[Start of section]

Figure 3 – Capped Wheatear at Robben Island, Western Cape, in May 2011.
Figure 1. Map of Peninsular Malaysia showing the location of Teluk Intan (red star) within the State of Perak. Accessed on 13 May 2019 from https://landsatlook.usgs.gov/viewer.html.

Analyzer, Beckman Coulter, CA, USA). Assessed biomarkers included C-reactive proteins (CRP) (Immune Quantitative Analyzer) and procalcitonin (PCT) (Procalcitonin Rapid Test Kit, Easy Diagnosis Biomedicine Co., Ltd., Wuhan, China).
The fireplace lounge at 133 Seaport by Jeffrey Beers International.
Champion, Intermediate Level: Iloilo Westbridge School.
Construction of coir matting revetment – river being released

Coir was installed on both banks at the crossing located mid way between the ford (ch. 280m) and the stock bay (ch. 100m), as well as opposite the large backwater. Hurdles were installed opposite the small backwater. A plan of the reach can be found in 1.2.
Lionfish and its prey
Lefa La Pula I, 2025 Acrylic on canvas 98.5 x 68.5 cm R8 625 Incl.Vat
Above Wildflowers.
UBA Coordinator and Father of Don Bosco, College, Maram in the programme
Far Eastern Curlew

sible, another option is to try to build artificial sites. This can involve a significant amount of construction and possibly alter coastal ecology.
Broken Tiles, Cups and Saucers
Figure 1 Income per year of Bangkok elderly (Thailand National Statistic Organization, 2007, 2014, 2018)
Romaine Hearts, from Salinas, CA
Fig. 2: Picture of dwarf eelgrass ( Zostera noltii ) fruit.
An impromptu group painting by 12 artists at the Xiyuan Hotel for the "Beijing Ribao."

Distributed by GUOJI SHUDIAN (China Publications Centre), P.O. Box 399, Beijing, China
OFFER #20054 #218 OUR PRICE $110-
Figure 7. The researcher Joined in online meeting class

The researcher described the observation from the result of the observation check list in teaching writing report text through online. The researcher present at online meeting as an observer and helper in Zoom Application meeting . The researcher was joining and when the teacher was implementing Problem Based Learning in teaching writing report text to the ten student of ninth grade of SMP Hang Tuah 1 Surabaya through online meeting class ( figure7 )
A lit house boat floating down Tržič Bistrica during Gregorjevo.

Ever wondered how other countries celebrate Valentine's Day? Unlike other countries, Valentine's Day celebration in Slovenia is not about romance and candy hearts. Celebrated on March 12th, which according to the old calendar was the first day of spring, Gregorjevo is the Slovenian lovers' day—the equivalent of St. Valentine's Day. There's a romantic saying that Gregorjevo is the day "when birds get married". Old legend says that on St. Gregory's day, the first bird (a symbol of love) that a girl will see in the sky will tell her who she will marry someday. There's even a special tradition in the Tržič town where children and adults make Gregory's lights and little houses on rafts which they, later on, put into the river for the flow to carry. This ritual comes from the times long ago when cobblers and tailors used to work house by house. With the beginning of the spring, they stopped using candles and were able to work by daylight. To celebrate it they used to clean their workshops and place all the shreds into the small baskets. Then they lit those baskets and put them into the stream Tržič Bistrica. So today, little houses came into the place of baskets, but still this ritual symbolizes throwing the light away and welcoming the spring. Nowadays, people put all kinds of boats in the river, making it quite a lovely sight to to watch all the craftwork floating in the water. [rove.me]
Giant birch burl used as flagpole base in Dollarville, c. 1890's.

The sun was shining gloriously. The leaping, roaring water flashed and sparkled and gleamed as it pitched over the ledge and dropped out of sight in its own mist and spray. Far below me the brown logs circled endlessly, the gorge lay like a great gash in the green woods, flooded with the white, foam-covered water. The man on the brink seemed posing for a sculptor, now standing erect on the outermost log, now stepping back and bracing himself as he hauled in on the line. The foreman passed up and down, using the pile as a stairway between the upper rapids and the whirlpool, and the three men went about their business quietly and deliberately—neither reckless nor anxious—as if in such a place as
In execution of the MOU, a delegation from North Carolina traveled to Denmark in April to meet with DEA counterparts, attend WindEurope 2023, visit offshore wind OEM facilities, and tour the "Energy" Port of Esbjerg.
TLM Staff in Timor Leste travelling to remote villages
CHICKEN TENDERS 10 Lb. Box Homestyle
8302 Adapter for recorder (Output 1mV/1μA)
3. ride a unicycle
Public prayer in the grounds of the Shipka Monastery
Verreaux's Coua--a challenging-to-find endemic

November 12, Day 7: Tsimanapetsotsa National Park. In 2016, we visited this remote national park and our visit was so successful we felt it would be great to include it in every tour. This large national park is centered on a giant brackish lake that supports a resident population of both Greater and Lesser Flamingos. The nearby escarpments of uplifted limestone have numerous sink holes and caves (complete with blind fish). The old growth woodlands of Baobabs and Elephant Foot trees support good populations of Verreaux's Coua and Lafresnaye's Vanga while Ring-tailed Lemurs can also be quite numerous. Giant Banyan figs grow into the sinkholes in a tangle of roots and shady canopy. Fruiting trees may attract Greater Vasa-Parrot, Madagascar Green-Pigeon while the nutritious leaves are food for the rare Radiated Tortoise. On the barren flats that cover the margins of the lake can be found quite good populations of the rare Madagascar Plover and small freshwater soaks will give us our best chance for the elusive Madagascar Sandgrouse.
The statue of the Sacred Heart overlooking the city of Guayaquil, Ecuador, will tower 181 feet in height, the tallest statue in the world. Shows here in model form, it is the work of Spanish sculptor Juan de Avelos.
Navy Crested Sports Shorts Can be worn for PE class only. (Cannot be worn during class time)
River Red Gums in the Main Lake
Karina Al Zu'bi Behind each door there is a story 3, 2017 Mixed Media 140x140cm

[End of section]

The task.
Could you give the data again, word for word?

Solution to the exercise.
Figure 3 – Capped Wheatear at Robben Island, Western Cape, in May 2011.
Figure 1. Map of Peninsular Malaysia showing the location of Teluk Intan (red star) within the State of Perak. Accessed on 13 May 2019 from https://landsatlook.usgs.gov/viewer.html.

Analyzer, Beckman Coulter, CA, USA). Assessed biomarkers included C-reactive proteins (CRP) (Immune Quantitative Analyzer) and procalcitonin (PCT) (Procalcitonin Rapid Test Kit, Easy Diagnosis Biomedicine Co., Ltd., Wuhan, China).
The fireplace lounge at 133 Seaport by Jeffrey Beers International.
Champion, Intermediate Level: Iloilo Westbridge School.
Construction of coir matting revetment – river being released

Coir was installed on both banks at the crossing located mid way between the ford (ch. 280m) and the stock bay (ch. 100m), as well as opposite the large backwater. Hurdles were installed opposite the small backwater. A plan of the reach can be found in 1.2.
Lionfish and its prey
Lefa La Pula I, 2025 Acrylic on canvas 98.5 x 68.5 cm R8 625 Incl.Vat
Above Wildflowers.
UBA Coordinator and Father of Don Bosco, College, Maram in the programme
Far Eastern Curlew

sible, another option is to try to build artificial sites. This can involve a significant amount of construction and possibly alter coastal ecology.
Broken Tiles, Cups and Saucers
Figure 1 Income per year of Bangkok elderly (Thailand National Statistic Organization, 2007, 2014, 2018)
Romaine Hearts, from Salinas, CA
Fig. 2: Picture of dwarf eelgrass ( Zostera noltii ) fruit.
An impromptu group painting by 12 artists at the Xiyuan Hotel for the "Beijing Ribao."

Distributed by GUOJI SHUDIAN (China Publications Centre), P.O. Box 399, Beijing, China
OFFER #20054 #218 OUR PRICE $110-
Figure 7. The researcher Joined in online meeting class

The researcher described the observation from the result of the observation check list in teaching writing report text through online. The researcher present at online meeting as an observer and helper in Zoom Application meeting . The researcher was joining and when the teacher was implementing Problem Based Learning in teaching writing report text to the ten student of ninth grade of SMP Hang Tuah 1 Surabaya through online meeting class ( figure7 )
A lit house boat floating down Tržič Bistrica during Gregorjevo.

Ever wondered how other countries celebrate Valentine's Day? Unlike other countries, Valentine's Day celebration in Slovenia is not about romance and candy hearts. Celebrated on March 12th, which according to the old calendar was the first day of spring, Gregorjevo is the Slovenian lovers' day—the equivalent of St. Valentine's Day. There's a romantic saying that Gregorjevo is the day "when birds get married". Old legend says that on St. Gregory's day, the first bird (a symbol of love) that a girl will see in the sky will tell her who she will marry someday. There's even a special tradition in the Tržič town where children and adults make Gregory's lights and little houses on rafts which they, later on, put into the river for the flow to carry. This ritual comes from the times long ago when cobblers and tailors used to work house by house. With the beginning of the spring, they stopped using candles and were able to work by daylight. To celebrate it they used to clean their workshops and place all the shreds into the small baskets. Then they lit those baskets and put them into the stream Tržič Bistrica. So today, little houses came into the place of baskets, but still this ritual symbolizes throwing the light away and welcoming the spring. Nowadays, people put all kinds of boats in the river, making it quite a lovely sight to to watch all the craftwork floating in the water. [rove.me]
Giant birch burl used as flagpole base in Dollarville, c. 1890's.

The sun was shining gloriously. The leaping, roaring water flashed and sparkled and gleamed as it pitched over the ledge and dropped out of sight in its own mist and spray. Far below me the brown logs circled endlessly, the gorge lay like a great gash in the green woods, flooded with the white, foam-covered water. The man on the brink seemed posing for a sculptor, now standing erect on the outermost log, now stepping back and bracing himself as he hauled in on the line. The foreman passed up and down, using the pile as a stairway between the upper rapids and the whirlpool, and the three men went about their business quietly and deliberately—neither reckless nor anxious—as if in such a place as
In execution of the MOU, a delegation from North Carolina traveled to Denmark in April to meet with DEA counterparts, attend WindEurope 2023, visit offshore wind OEM facilities, and tour the "Energy" Port of Esbjerg.
TLM Staff in Timor Leste travelling to remote villages
CHICKEN TENDERS 10 Lb. Box Homestyle
8302 Adapter for recorder (Output 1mV/1μA)
3. ride a unicycle
Public prayer in the grounds of the Shipka Monastery
Verreaux's Coua--a challenging-to-find endemic

November 12, Day 7: Tsimanapetsotsa National Park. In 2016, we visited this remote national park and our visit was so successful we felt it would be great to include it in every tour. This large national park is centered on a giant brackish lake that supports a resident population of both Greater and Lesser Flamingos. The nearby escarpments of uplifted limestone have numerous sink holes and caves (complete with blind fish). The old growth woodlands of Baobabs and Elephant Foot trees support good populations of Verreaux's Coua and Lafresnaye's Vanga while Ring-tailed Lemurs can also be quite numerous. Giant Banyan figs grow into the sinkholes in a tangle of roots and shady canopy. Fruiting trees may attract Greater Vasa-Parrot, Madagascar Green-Pigeon while the nutritious leaves are food for the rare Radiated Tortoise. On the barren flats that cover the margins of the lake can be found quite good populations of the rare Madagascar Plover and small freshwater soaks will give us our best chance for the elusive Madagascar Sandgrouse.
The statue of the Sacred Heart overlooking the city of Guayaquil, Ecuador, will tower 181 feet in height, the tallest statue in the world. Shows here in model form, it is the work of Spanish sculptor Juan de Avelos.
Navy Crested Sports Shorts Can be worn for PE class only. (Cannot be worn during class time)
River Red Gums in the Main Lake
Karina Al Zu'bi Behind each door there is a story 3, 2017 Mixed Media 140x140cm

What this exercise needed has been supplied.